Given the following code:

var cts = new CancellationTokenSource();

try 
{
    // get a "hot" task
    var task = new HttpClient().GetAsync("http://www.google.com", cts.Token);

    // request cancellation
    cts.Cancel();

    await task;

    // pass:
    Assert.Fail("expected TaskCanceledException to be thrown");
}
catch (TaskCanceledException ex) 
{
    // pass:
    Assert.IsTrue(cts.Token.IsCancellationRequested,
        "expected cancellation requested on original token");

    // fail:
    Assert.IsTrue(ex.CancellationToken.IsCancellationRequested,
        "expected cancellation requested on token attached to exception");
}

I would expect ex.CancellationToken.IsCancellationRequested to be true inside the catch block, but it is not. Am I misunderstanding something?

3
Is the ex.CancelationToken instance equal (ReferenceEqual) to cts? Documentation states: "If the token is associated with a canceled operation, the CancellationToken.IsCancellationRequested property of the token returns true".Alex
@Alex: CancellationToken is a struct, so ReferenceEquals() will always return false.Peter Duniho
@AndreasNiedermair: no. I mean that if you have CancellationToken token = cts.Token; and evaluate object.ReferenceEquals(token, token) (i.e. compare the CancellationToken value to itself), even that will return false, because value types have to be boxed before being passed as an object reference, and so the boxed objects will always be different, even if they were obtained from the same value.Peter Duniho
@usr: the code he posted works. I copy/pasted it into a blank console app (in its own method, since Main() can't be async) and it behaves exactly as reported.Peter Duniho
Note that this code has a race condition. The operation might be cancelled or it might just finish normally before it gets cancelled. You should cancel the token before starting the actual work (or ensure that the work can't possibly finish before the token is cancelled) to ensure that this doesn't happen.Servy

3 Answers

48
votes

That's the case because HttpClient internally (in SendAsync) is using a TaskCompletionSource to represent the async operation. It returns TaskCompletionSource.Task and that's the task you await on.

It then calls base.SendAsync and registers a continuation on the returned task that cancels/completes/faults the TaskCompletionSource's task accordingly.

In the case of cancellation it uses TaskCompletionSource.TrySetCanceled which associates the canceled task with a new CancellationToken (default(CancellationToken)).

You can see that by looking at the TaskCanceledException. On top of ex.CancellationToken.IsCancellationRequested being false ex.CancellationToken.CanBeCanceled is also false, meaning that this CancellationToken can never be canceled as it wasn't created using a CancellationTokenSource.
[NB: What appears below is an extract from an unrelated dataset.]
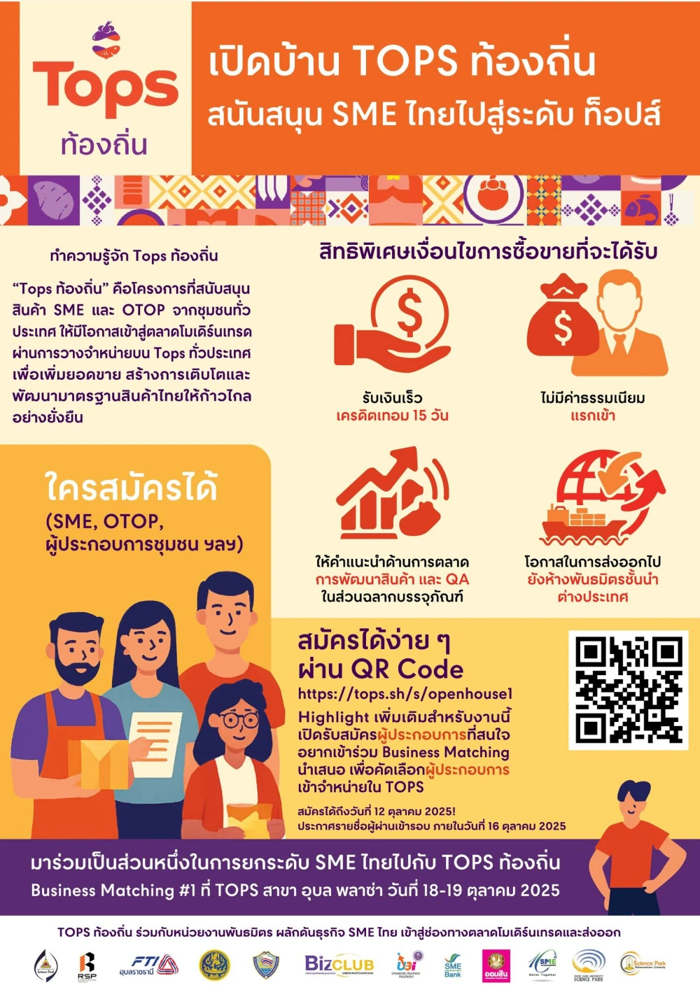 Join the journey towards partnership with TOPS at the “TOPS Tongtin Open House”, taking place at TOPS, Ubon Plaza Branch, in Ubon Ratchathani Province on 18-19 October 2025. More details are available on Facebook ‘TOPS ท้องถิ่น TOPS Tongtin’ page.

IMO it should be using TaskCompletionSource.TrySetCanceled(CancellationToken) instead. That way the TaskCompletionSource will be associated with the CancellationToken passed in by the consumer and not simply the default CancellationToken. I think it's a bug (though a minor one) and I submitted an issue on connect about it.

3
votes

@Bengie This didn't work for me. I had to alter it a little. IsCancellationRequested always returned true so i couldn't rely on that.

This worked for me:

using (CancellationTokenSource cancelAfterDelay = new CancellationTokenSource(TimeSpan.FromSeconds(timeout)))
{
    DateTime startedTime = DateTime.Now;

    try
    {
        response = await request.ExecuteAsync(cancelAfterDelay.Token);
    }
    catch (TaskCanceledException e)
    {
        DateTime cancelledTime = DateTime.Now;
        if (startedTime.AddSeconds(timeout-1) <= cancelledTime)
        {
            throw new TimeoutException($"An HTTP request to {request.Url} timed out ({timeout} seconds)");
        }
        else
            throw;
    }
}
return response;
0
votes

I set the timeout to infinite to disable it, then I pass in my own cancellation token.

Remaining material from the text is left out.